Единственными, кто принял все за чистую монету, были моя жена, обе девочки и Никита Орлов. Ели-пили, потом Олеся с Никитой отправились гулять, а Дарина — укладывать дочерей. Мы перебрались в кабинет Хорунжего, прихватив стаканы и закуску; Тамара раздраженно гремела на кухне посудой. Петр плотно прикрыл дверь и обернулся к нам. Я сидел в кресле у окна, лицом к двери кабинета, глядя на обтянутые серым свитером опущенные плечи Хорунжего, на его лицо, с которого словно ветром сдуло всякое оживление, и размышляя о том, как быстро и неотвратимо мы стареем.

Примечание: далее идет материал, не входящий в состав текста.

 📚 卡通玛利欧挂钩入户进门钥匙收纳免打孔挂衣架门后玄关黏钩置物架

— Надо что-то делать, — трезво сказал Петр и пошел прямо к столу. — Так дальше жить не получается…
— Тебе не хватает неприятностей? — насмешливо спросил Юлианов. — Мало били?

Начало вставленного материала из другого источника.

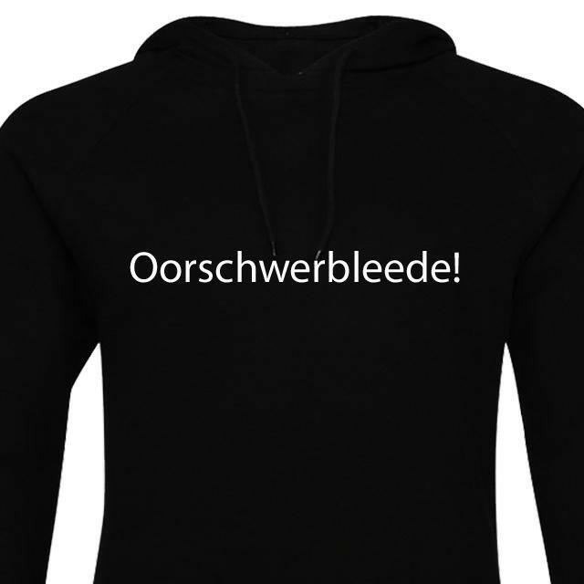 Schwarzer Kapuzensweater mit weissem Aufdruck Oorschwerbleede

— Причем тут я? — усаживаясь, поморщился Петр.
Тут дверь приоткрылась и заглянула его жена.
— Что-нибудь вам принести? — ее темный взгляд зацепился за слегка сутуловатую спину Петра и не отпускал.
— Уйди, пожалуйста, — не оборачиваясь, буркнул Хорунжий. — Дай поговорить!
— Вы тут не засиживайтесь, — отступила Тамара. — Все-таки люди семейные… — она вскинула плоский подбородок. — Иду спать, мне вставать рано, не то что некоторым…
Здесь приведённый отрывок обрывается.